SUPPLIED INFORMATION START
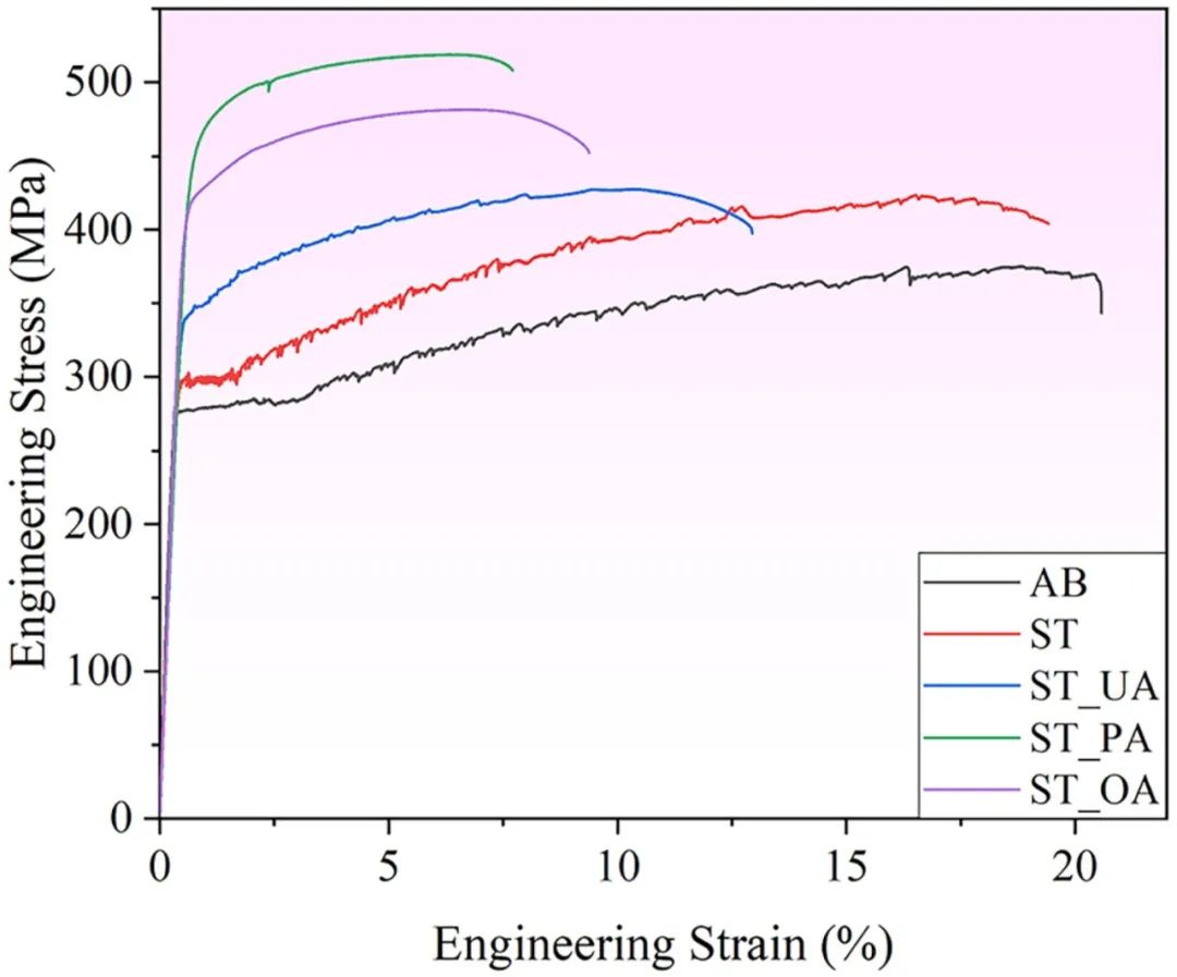 L-PBF Ti改性Al-Li-Cu合金在常规T6处理下的工程应力-应变曲线
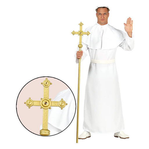 Dieser tolle Stab ist ein eindrucksvolles Accessoire zum Kostüm als Nikolaus, Bischof, Geistlicher oder gar als Pabst. Der goldene Stab ist aus Met...
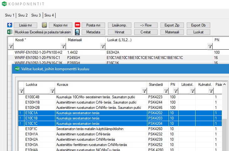 Putkiluokkiin 10L4A ja 10L4B on täydennetty uusia putkikomponentteja. (PLANT-3519)
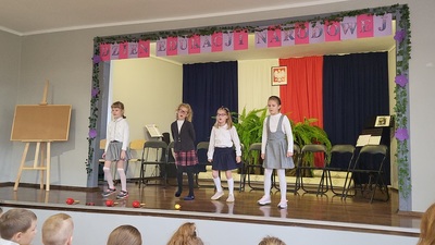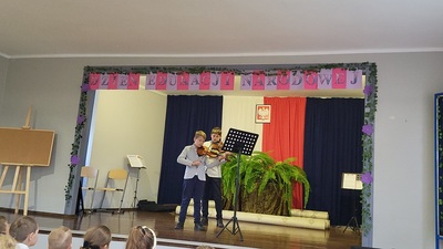 Program artystyczny obfitował w liczne piosenki, wiersze okolicznościowe, cudowną grę na skrzypcach. Nie zabrakło też akcentu tanecznego oraz wokalnego w wykonaniu naszych utalentowanych uczniów.
SUPPLIED INFORMATION END
What is needed is an exact restatement of the lines from the line with "Putkiluokkiin 10L4A ja" through the final line of the data, pictures excluded.

WRITTEN RESPONSE
 Putkiluokkiin 10L4A ja 10L4B on täydennetty uusia putkikomponentteja. (PLANT-3519)
 Program artystyczny obfitował w liczne piosenki, wiersze okolicznościowe, cudowną grę na skrzypcach. Nie zabrakło też akcentu tanecznego oraz wokalnego w wykonaniu naszych utalentowanych uczniów.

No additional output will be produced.